CD: Many of the good eat-all varieties I’ve discovered are varieties that are already widely adapted. ‘Green Wave’ mustard, for example, was developed in the Southeast, but also does well everywhere else. The Indian spinach ‘Red Aztec Huazontle’ is a relative of quinoa that is a Mexican heirloom, but it is also happy in the maritime Northwest. I think it will probably grow just about anywhere. Leaf-bred radishes are also widely adapted. The particular varieties of leafy amaranths that do best for me, might well be different from the ones that do best for you if you live in another region.
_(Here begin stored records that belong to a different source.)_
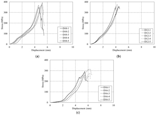Stress–displacement relationship of five shear strength test specimens. (a) D10; (b) D12; (c) D16.
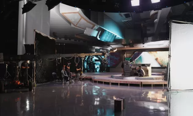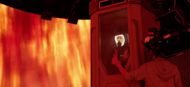 它创造了一个沉浸式的拍摄场景,摄影师可以像拍摄真实的物体一样取景,演员能与虚拟可见场景直接互动,与传统的空旷绿幕舞台相比对演员更友好,能使其快速入戏,演绎角色。
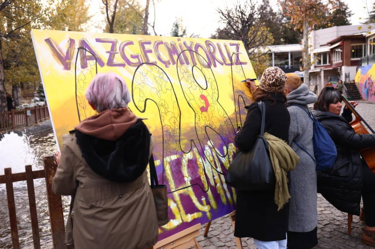 Kuğulu Park’ta da 25 Kasım’da, 6284 olarak bilinen “Ailenin Korunması ve Kadına Karşı Şiddetin Önlenmesine Dair Kanun” isimli yasanın uygulanmasına dikkat çekmek amacıyla farkındalık etkinliği düzenlendi. Kadınlar, “Vazgeçmiyoruz” yazılı tuval üzerinde kadın portrelerinden oluşan “6284” rakamlarını boyadı.

But you can probably find some leafy amaranth that will grow fast enough in your climate to work as an eat-all crop if you do a little exploring. Gai Lohn, aka Chinese broccoli, is also widely adapted.
If you live in a region with much hotter summers than mine, you may shift your growing of eat-all greens to spring and fall instead of growing them straight through the summer. Or you may even grow them in winter. In regions with much shorter summers, you might want to use a cloche or greenhouse so as to extend your harvest season and get as many crops as possible per year. Since a small patch of eat-all greens is so high yielding, it’s much more practical to use season altering methods than it is when using standard greens growing methods.
ST: What about growing eat-all greens in containers? Or on rooftop gardens?
CD: Practically speaking, my very first accidental eat-all crop of ‘Green Wave’ mustard was container grown, since it was just a six inch (15 cm) deep layer of compost spread on a solid concrete driveway. That was basically a wide shallow container. I think eat-all greens should work much better in containers than other edibles. That’s in part because the yields are so high and growth is so fast that you can plant multiple successions. But it’s also because you don’t need very deep soil to grow eat-all greens since they aren’t in the ground very long. In addition, greens are generally shade tolerant. That’s ideal for containers on porches, balconies or in window boxes where there is inevitably partial shade.
I think the eat-all greens garden method also has potential to allow serious production of edible greens on rooftop gardens.